As a child I remember loving books about orphans. I have two parents and four siblings and I found the notion of being alone in the world exciting. Of course I didn’t really want my family to disappear, but it was an appealing fantasy. In the same way, I believe, many kids dream that they are really changeling children of royalty or fairies.

Can you think of examples of books where the heroine and hero have four nice parents between them? What so you think makes orphans appealing?

And if you are interested in finding out more about Juliana and Cain and how they handle their parental issues, The Wild Marquis appears in stores March 9.

 

 

Comments

16 comments posted.

Re: Miranda Neville | I Wish I Were An Orphan

No comments. I heard this wasn't working
(Miranda Neville 12:42pm March 9, 2010)

Hi, I've been trying to come up with a story with happy parents on both the hero and heroine lines and the only ones I know are some of the JAK books -- but usually one of the fathers is dead.

Oh, maybe a Mary Balogh?
(Sally Mae 1:25pm March 9, 2010)

It's funny I'd always realized that most
romances had family problems, but I'd
never realized how rare the happy
family is.

In Historicals you also have to have
killed off the father in order for your
hero to have the title. My current hero
had a very happy family, but poor old
dad had to die so that he could be the
duke.

Ah well -- maybe next time.
(Lavinia Klein 1:30pm March 9, 2010)

Woo-hoo - finally got in to make a comment. Miranda, when I went back to university a decade ago, I learned the orphan was a popular device in late 18th century & 19th century novels. Interesting that it's still popular. I've a feeling many writers do the orphan thing to keep from having a cast of thousands. :-)
(Vicky Dreiling 1:36pm March 9, 2010)

Sally: it's really hard, isn't it?

Good point about the title, Lavinia. Also, perhaps the existence of a powerful father figure can make the hero seem weaker.

Vicky. I'm so glad you persevered.

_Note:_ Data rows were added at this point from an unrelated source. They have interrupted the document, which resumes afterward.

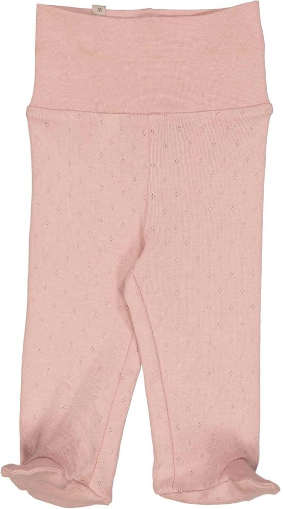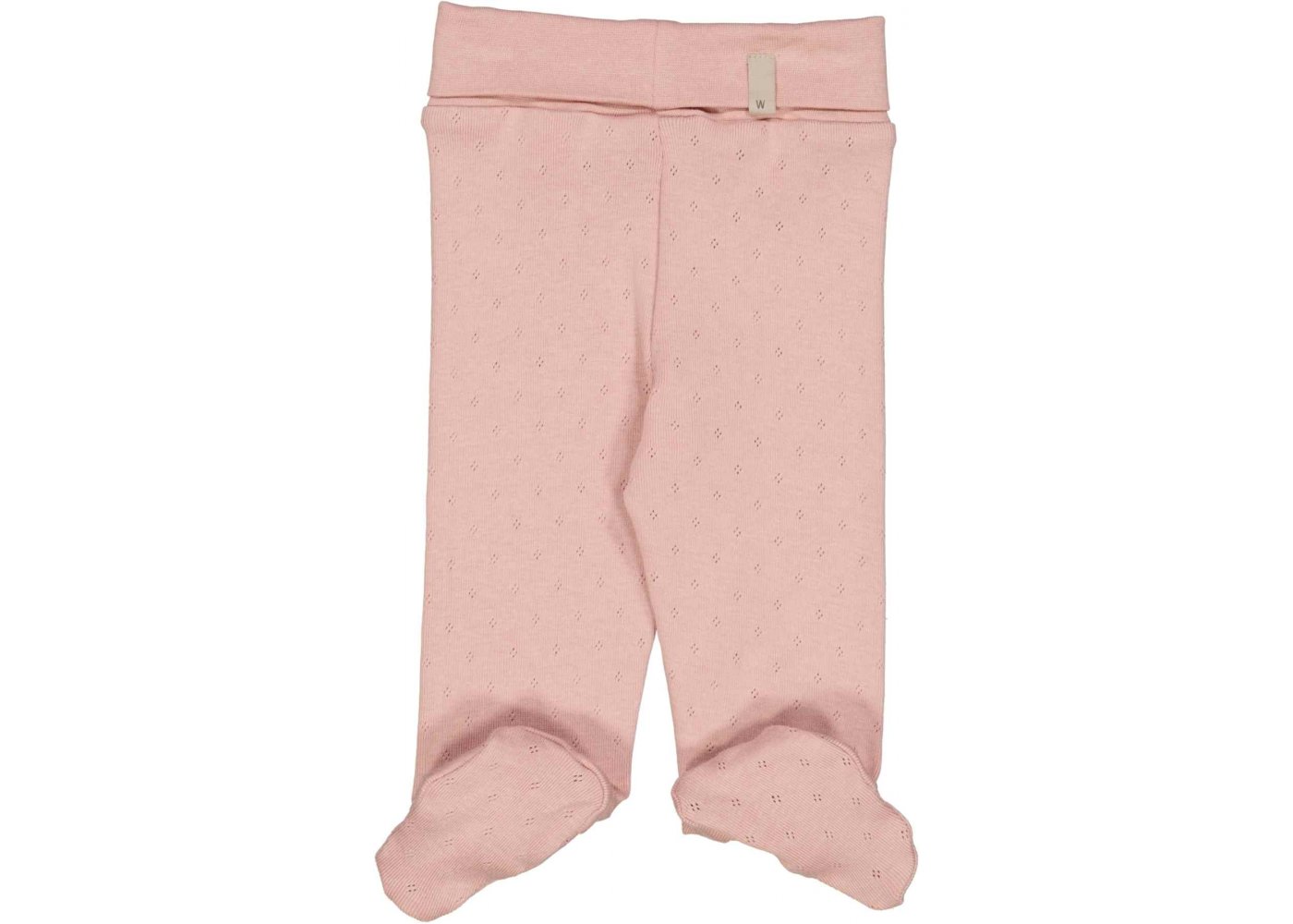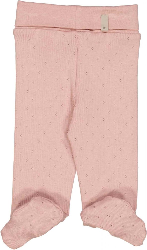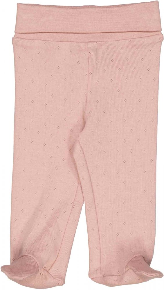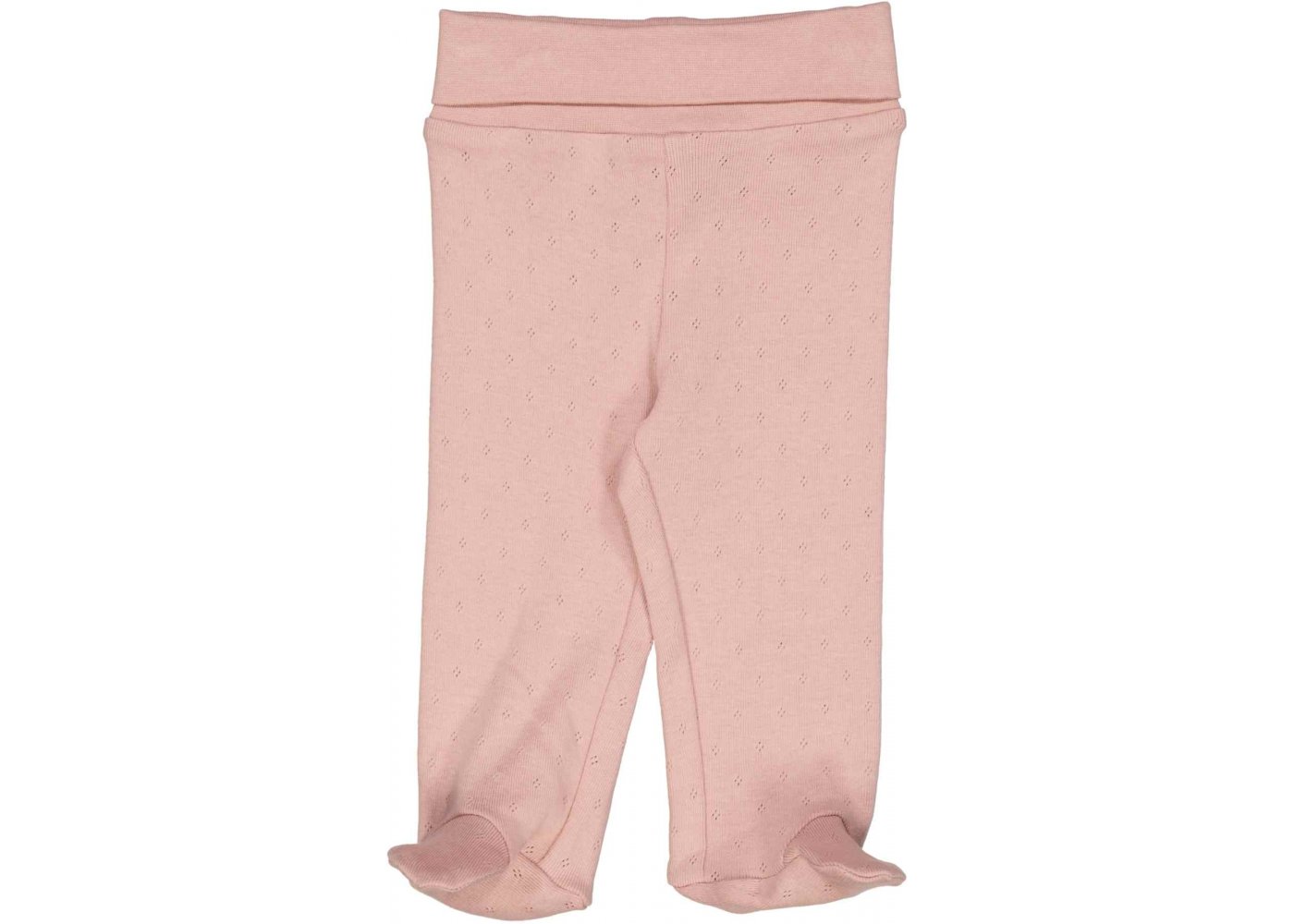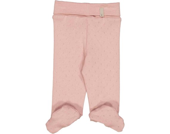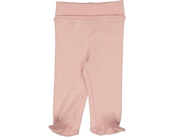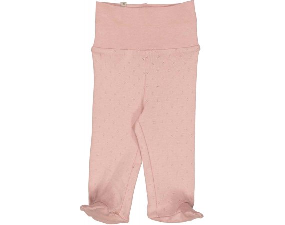 Lækre økologiske bomulds bukser strikket i et klassisk pointelle-strikmønster. Bukserne har et ekstra bredt bærestykke i taljen, som kan foldes ned efter ønske. Bukserne har fødder og kan holde babys fødder varme.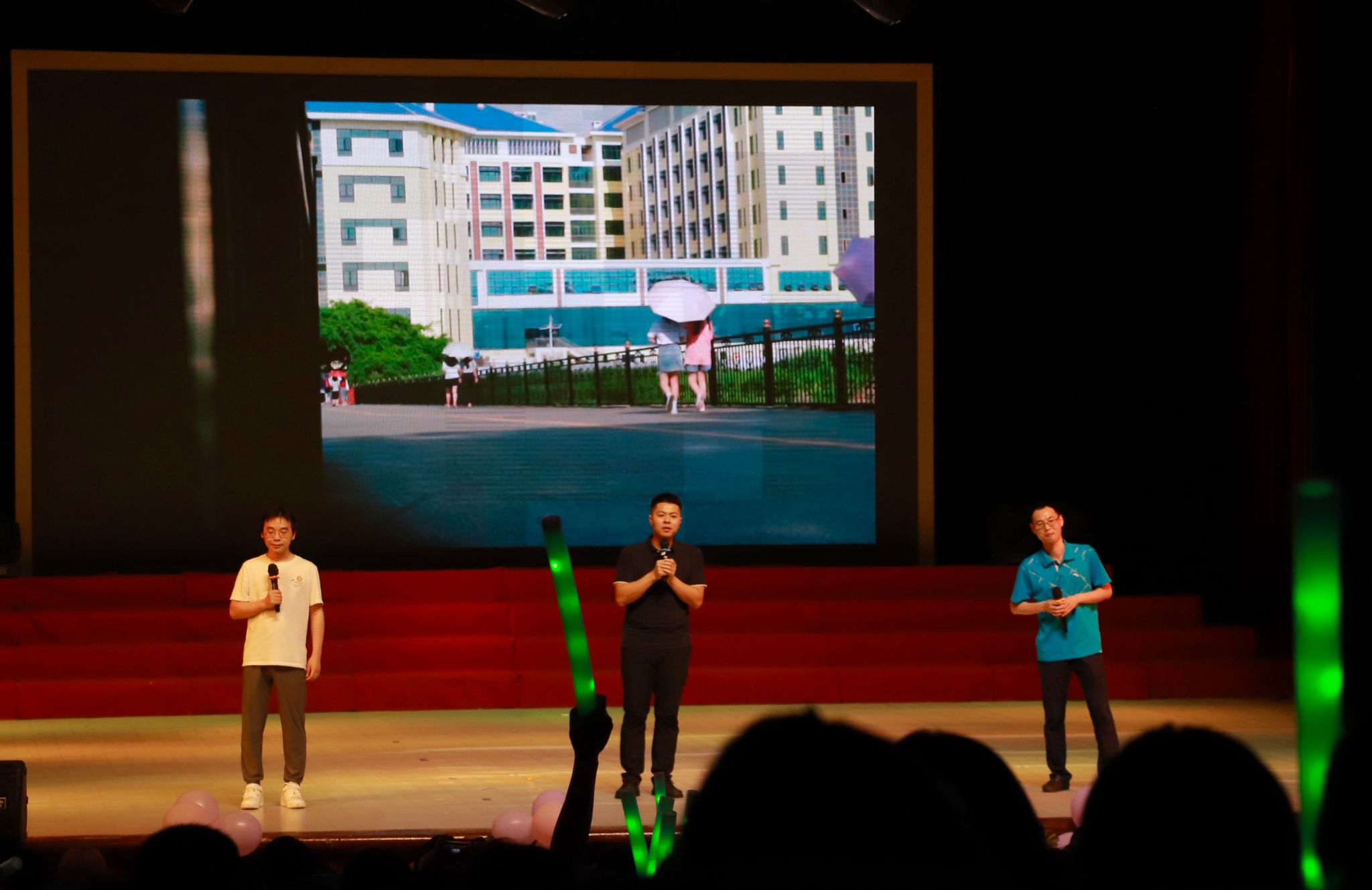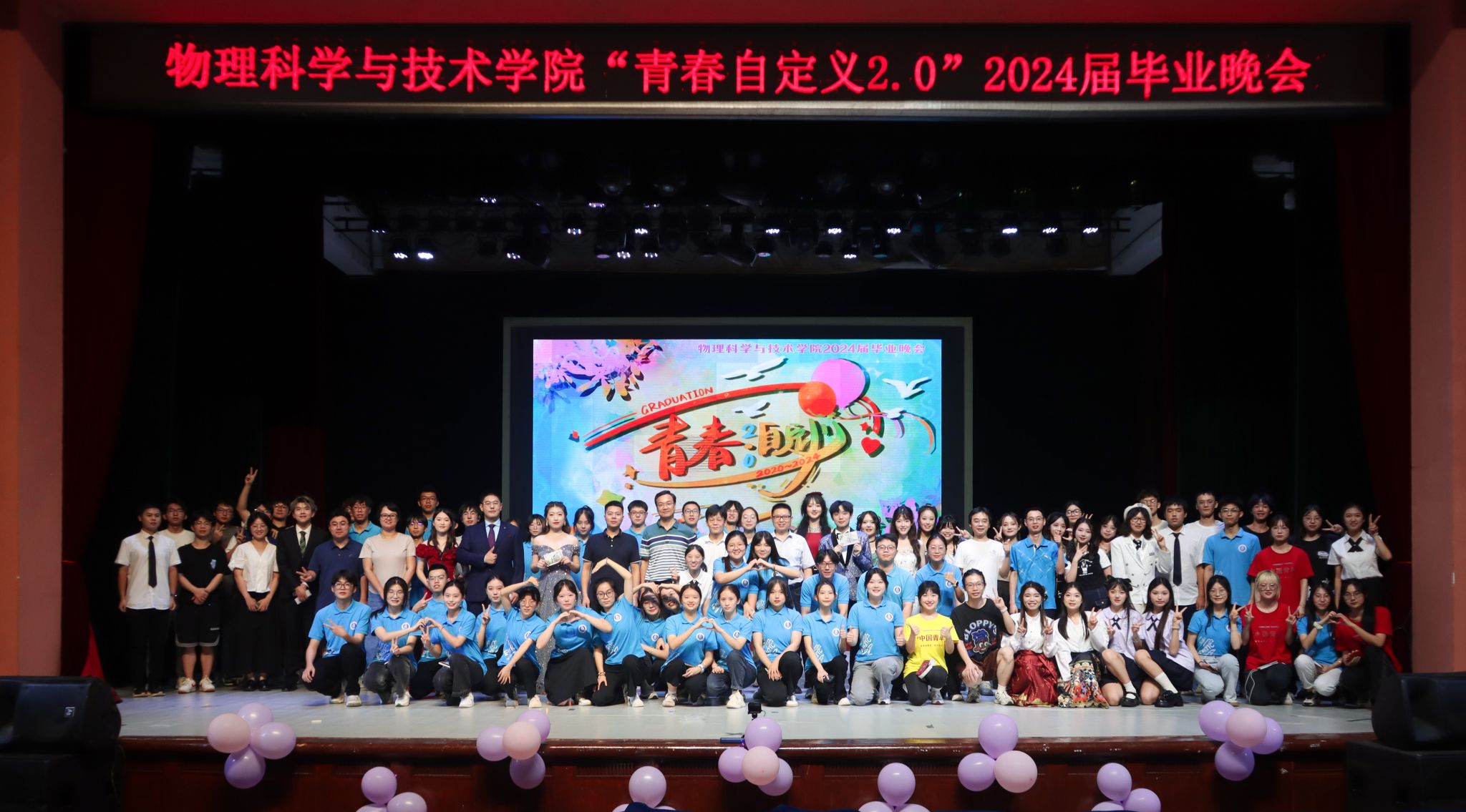 晚会过程中还穿插有观众游戏环节和微信抽奖环节,提问幸运观众“最喜欢的教学楼”“西大最美的地方”“最难的物理学科专业课”等关于母校生活的点滴回忆,同学们积极参与,赢得了翻页笔、小风扇等精美礼品。最后,小合唱《少年》《夜空中最亮的星》和一个记录着全体毕业生入学纪念照的彩蛋视频为晚会画上了圆满的句号。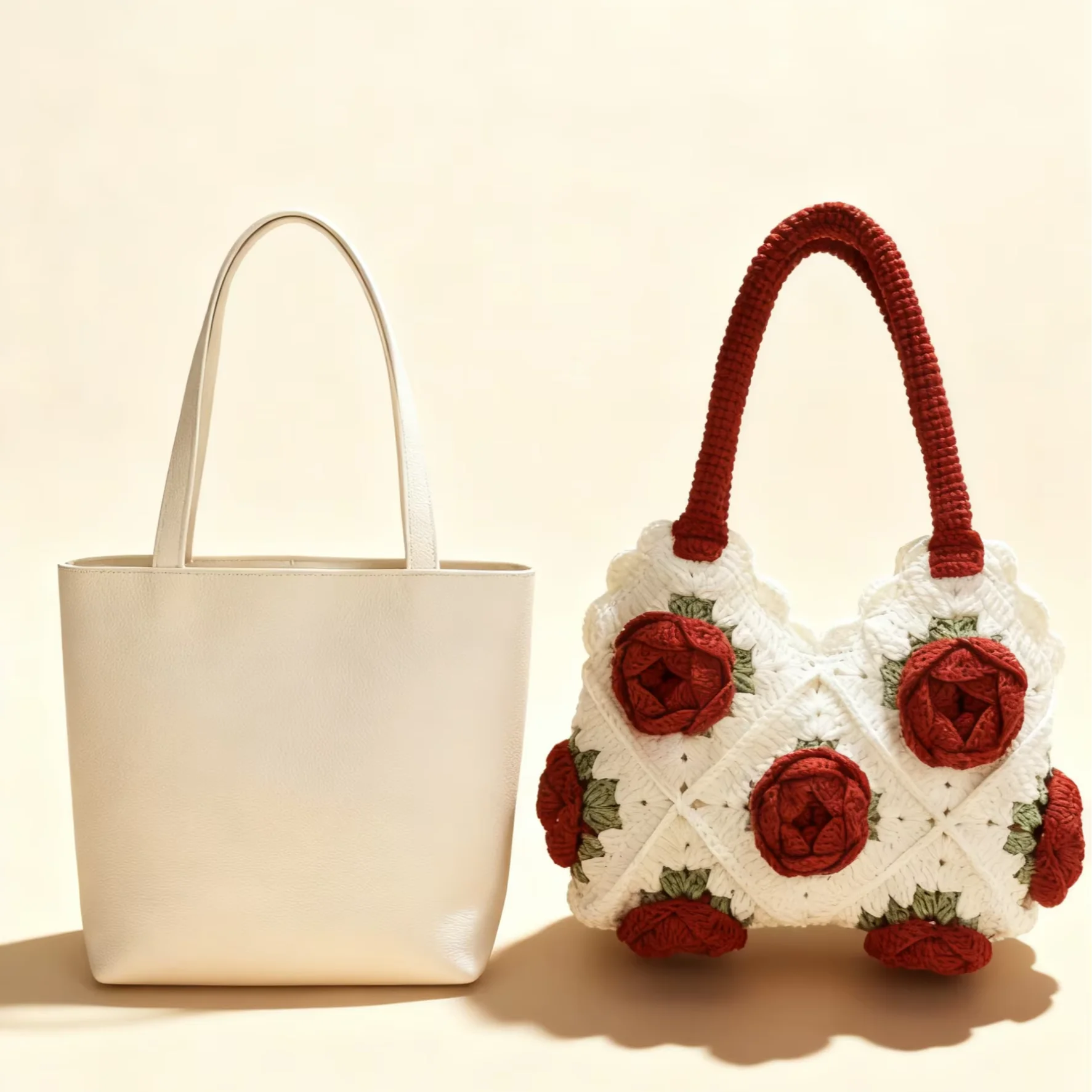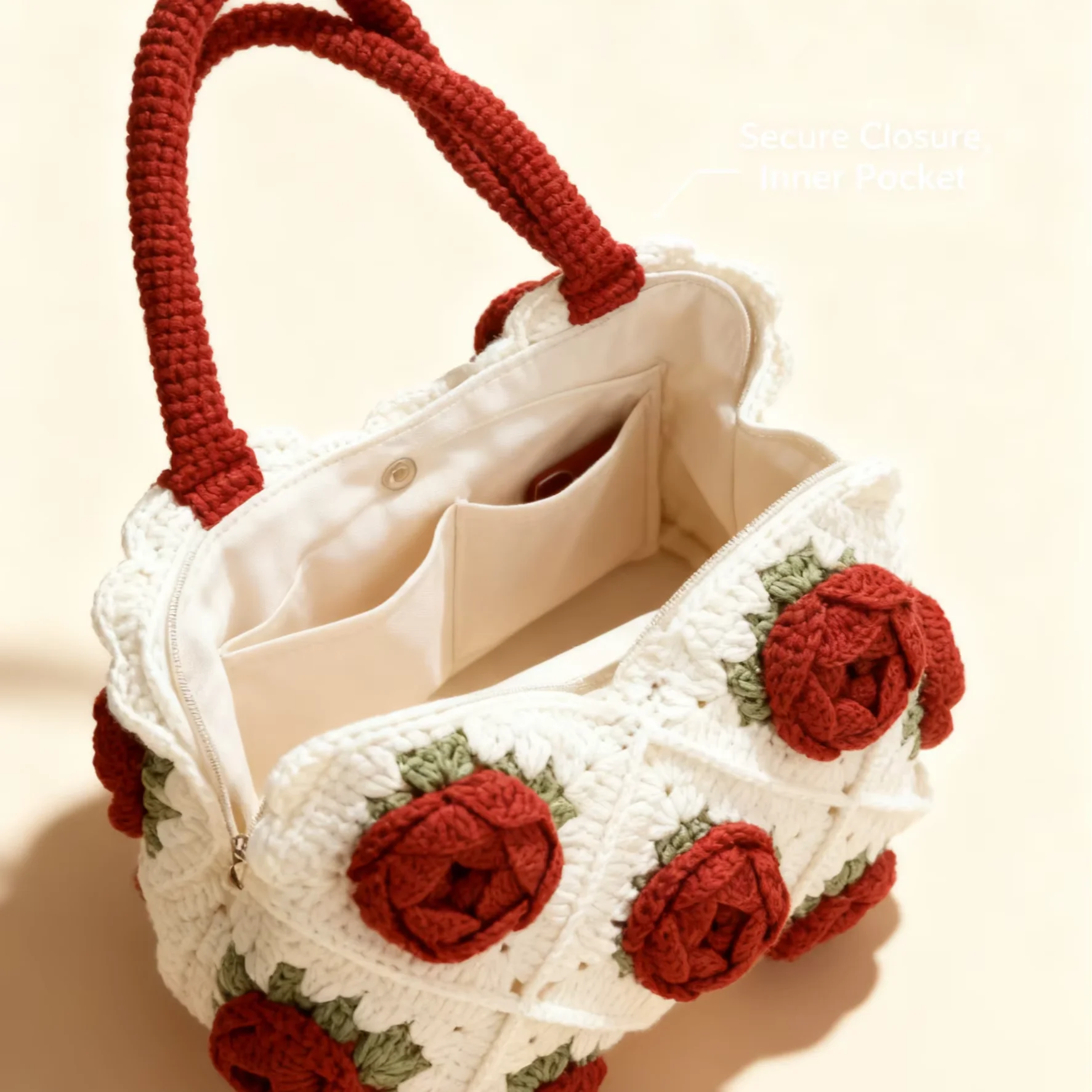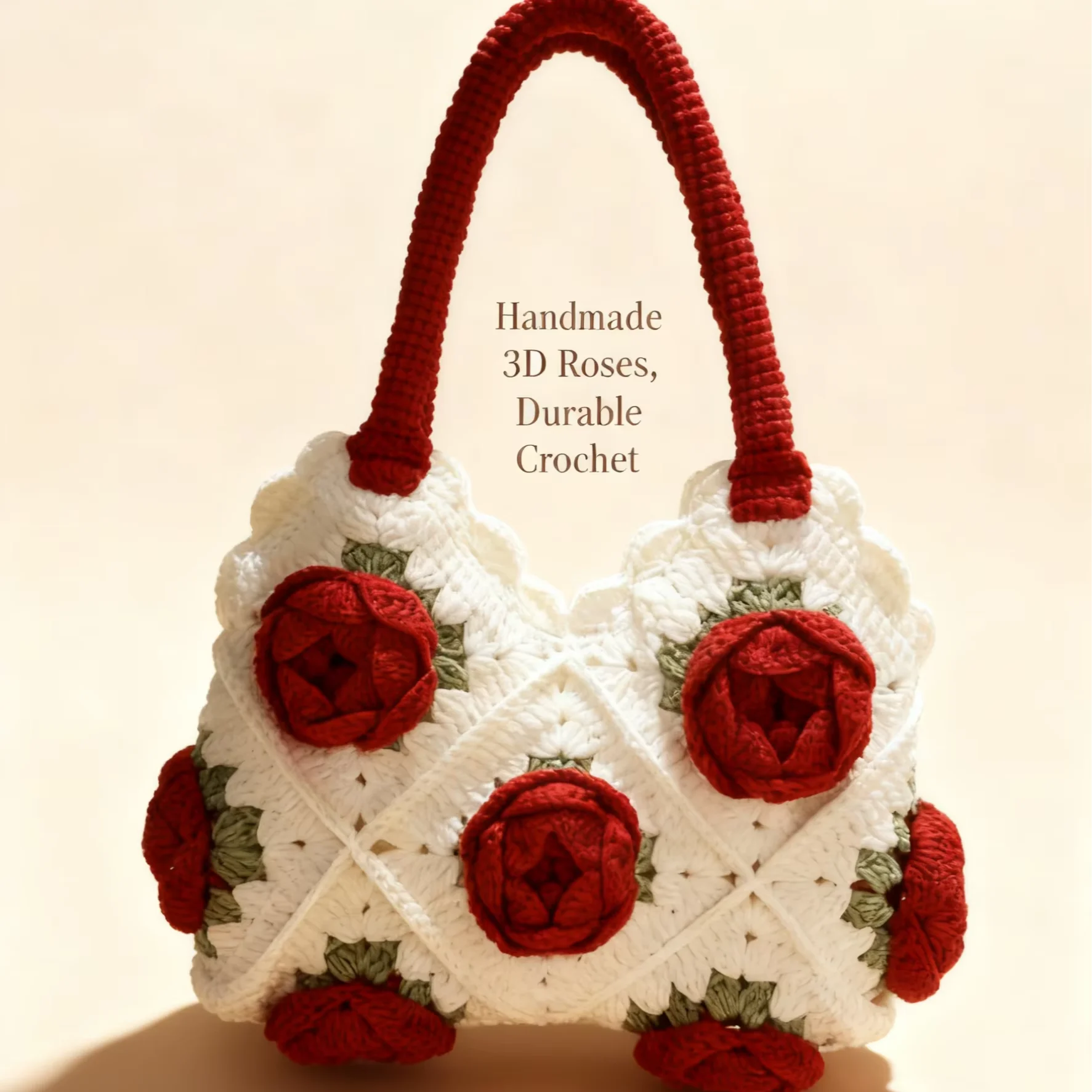 Women’s Handmade Crocheted Bag Rose Series Grandmother Handbag Embroidery Open

It's so true that literature is full of orphans. Imagine Dickens if everyone had parents?
(Miranda Neville 3:12pm March 9, 2010)

Happy Release Day, Miranda. Can't think of any books off the top of my head where there were four nice parents between the couple, but Stephanie Laurens' Cynster series features some great parents. Orphans are appealing because you just can't not root for them.
(Jane Cheung 3:56pm March 9, 2010)

I thought my heroine had a happy family, but found quite recently she's adopted. Her real parents were killed in a boating accident when she was four. I had no idea - she's very well adjusted.
(Jennifer Carroll 5:44pm March 9, 2010)

Jennifer, you gotta love those handy accidents. How interesting that it came to you out of the blue
(Miranda Neville 6:07pm March 9, 2010)

Happy families are all alike. every unhappy family is unhappy in its own way.--Tolstoy.

If the parent isn't causing conflict they may well be detracting from it by giving the main characters too much support so they don't suffer and struggle and drive the plot forward.

There's always the silly parent, a la Pride & Prejudice, too. But Darcy is an orphan. With parents he'd seem so much less alpha. Plus he wouldn't have inherited!
(Jenny Brown 7:27pm March 9, 2010)

Orphans don't come with strings attached - not as much. That's the appeal.
(Mary Preston 2:21am March 10, 2010)

I can't think of any books that have four sets of nice parents between the couple. Always conflict! Funny, I had never thought about that.
No one has a brady bunch family!
(Brenda Rupp 8:41pm March 10, 2010)

Four living and loving parents? That excapes me at the moment. If I can think of one later, I will return and post it. Right now I am burning the midnight oil. LOL
(Gladys Paradowski 11:36pm March 10, 2010)

I don't really pay that much attention to the family of the characters in books unless it really impacts the story. In the one I'm currently reading, the heroine seems to have parents she loves but is not unduly attached to, but her brother has been recently killed. The hero has been an orphan since he was 9, but he has been raised by a guardian who knew his parents.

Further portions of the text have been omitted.